A total repeat content of 11 Mb, consisting of ∼20.34% of the genome, was identified. Among the classified TEs, 1,562 were DNA transposons (3.35% of the genome), 1,015 were long interspersed nuclear elements (LINE) (1.80%), and 4,459 were long terminal repeat retrotransposons elements (11.63%). The total number of classified TEs detected was similar in the genome of M. tecta (7,036) and M. phaseolina (7,313) from sorghum, whereas fewer TEs have been detected in the genome of M. phaseolina from jute (4,885), strawberry (5,294), and alfalfa (4,717), which were annotated using RepeatModeller/RepeatMasker (repeatmasker.org). The genome of M. tecta and M. phaseolina strains obtained from sorghum contained a greater number of DNA transposons that is, 1417–1562, including hobo-Activator and Tc1-IS630-Pogo compared with the genome of M. phaseolina strain obtained from strawberry (785 DNA transposons), jute (507 DNA transposons), and alfalfa (522 DNA transposons) (fig. 1). The accumulation of DNA transposons in Macrophomina species associated with sorghum is suggestive of the potential role of TEs in the adaptation and evolution of Macrophomina on this crop. In the wheat fungal pathogen Zymoseptoria tritici and its four wild-grass infecting sister species, the TE proportions varied in the genome of the Zymoseptoria species (Lorrain et al. 2021). The TE proportions of four wild-grass infecting Zymoseptoria species were higher than the TE proportions of Z. tritici strains. The TE variation observed Zymoseptoria species was shown to be associated with host adaptation and genome evolution (Lorrain et al. 2021).
Fig. 1.

Comparison of repeat elements and orthologous groups of Macrophomina genomes. (A) A total number of repeat elements for DNA transposons and retrotransposons detected in M. phaseolina (strains Al-1, 11–12, MS6, and BRIP 70780) and M. tecta (strain BRIP 70781). DNA transposons including hobo-Activator and Tc1-IS630-Pogo are more abundant in M. phaseolina strain BRIP 70780 and M. tecta strain BRIP 70781, both of which are associated with charcoal rot of sorghum. (B) UpSet plot showing the comparison of orthologous groups of M. tecta strain BRIP 70781 and four genomes of M. phaseolina strains. The red bar and dot represent the unique orthologous detected in M. tecta. The black dots/lines represent overlaps between orthologous clusters. The orthologous groups shared between five genomes was 9,618, which is excluded in the intersection size plot.
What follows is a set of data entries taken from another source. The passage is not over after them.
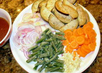 Сам же тем временем занялся заготофкой овощей «первого эшелона». Названное каличество лука порезал кольцами. Не счищая с баклажана шкурки, распустил его вдоль пополам и нарезал полукольцами поперек. Морковь резанул кружочками. Зубцы чиснока измельчил. Ну, а мароженую фасоль просто вылажил, чтоп отогревалась.
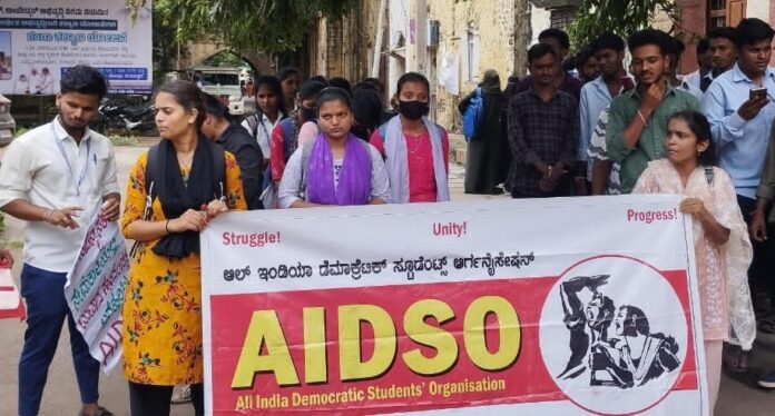ನಗರದ ಜಿಲ್ಲಾಧಿಕಾರಿ ಕಚೇರಿ ಎದುರು ಪದವಿ ವಿದ್ಯಾರ್ಥಿಗಳು ಸೇರಿ AIDSO ವಿದ್ಯಾರ್ಥಿ ಸಂಘಟನೆ ನೇತೃತ್ವದಲ್ಲಿ ಪ್ರತಿಭಟನೆ ನಡೆಸಿದರು.
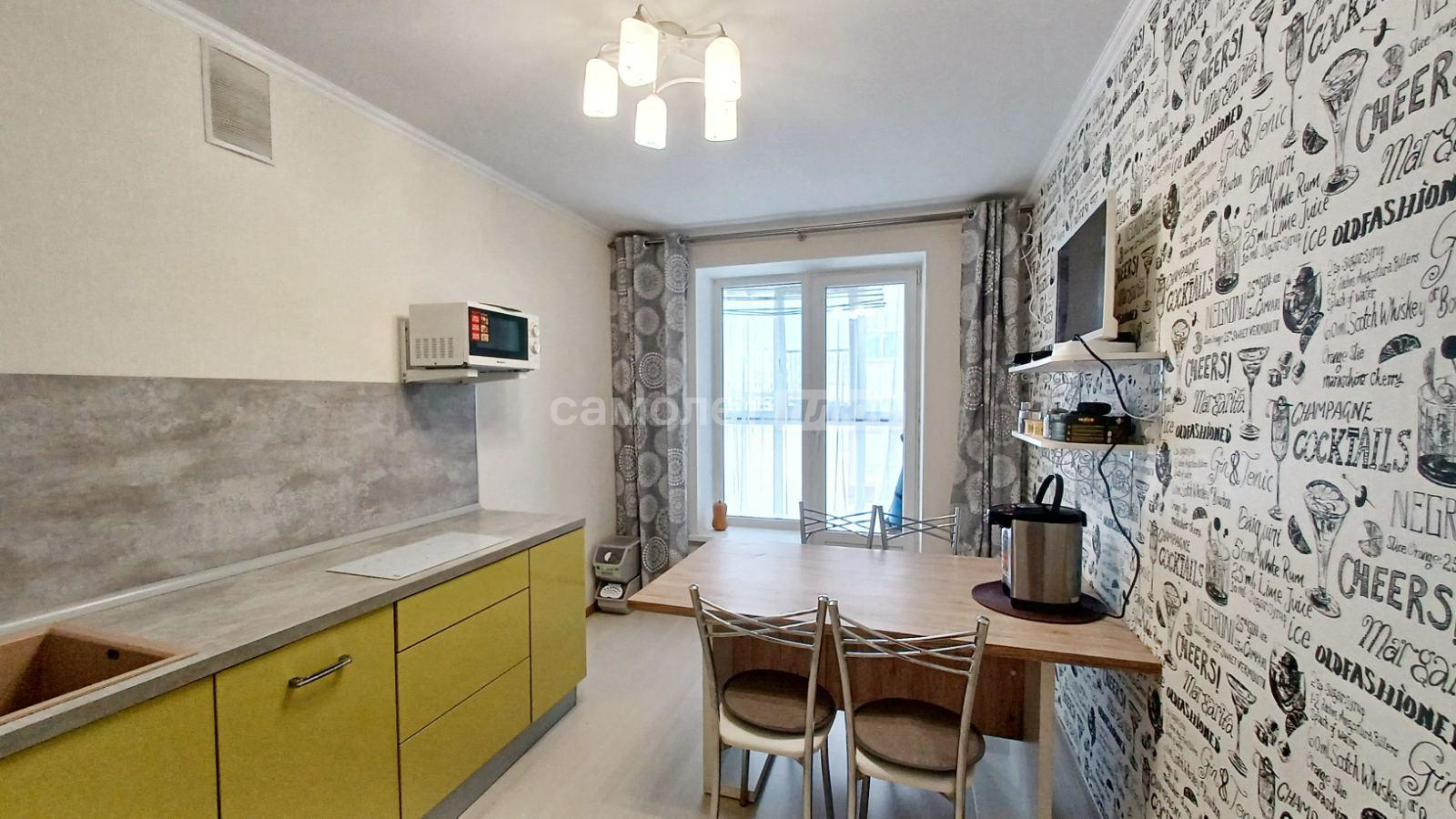 Кухня площадью 11,4 кв.м. с выходом на застекленную лоджию. Кухонный гарнитур остается при продаже.

Comparison of repeat elements and orthologous groups of Macrophomina genomes. (A) A total number of repeat elements for DNA transposons and retrotransposons detected in M. phaseolina (strains Al-1, 11–12, MS6, and BRIP 70780) and M. tecta (strain BRIP 70781). DNA transposons including hobo-Activator and Tc1-IS630-Pogo are more abundant in M. phaseolina strain BRIP 70780 and M. tecta strain BRIP 70781, both of which are associated with charcoal rot of sorghum. (B) UpSet plot showing the comparison of orthologous groups of M. tecta strain BRIP 70781 and four genomes of M. phaseolina strains. The red bar and dot represent the unique orthologous detected in M. tecta. The black dots/lines represent overlaps between orthologous clusters. The orthologous groups shared between five genomes was 9,618, which is excluded in the intersection size plot.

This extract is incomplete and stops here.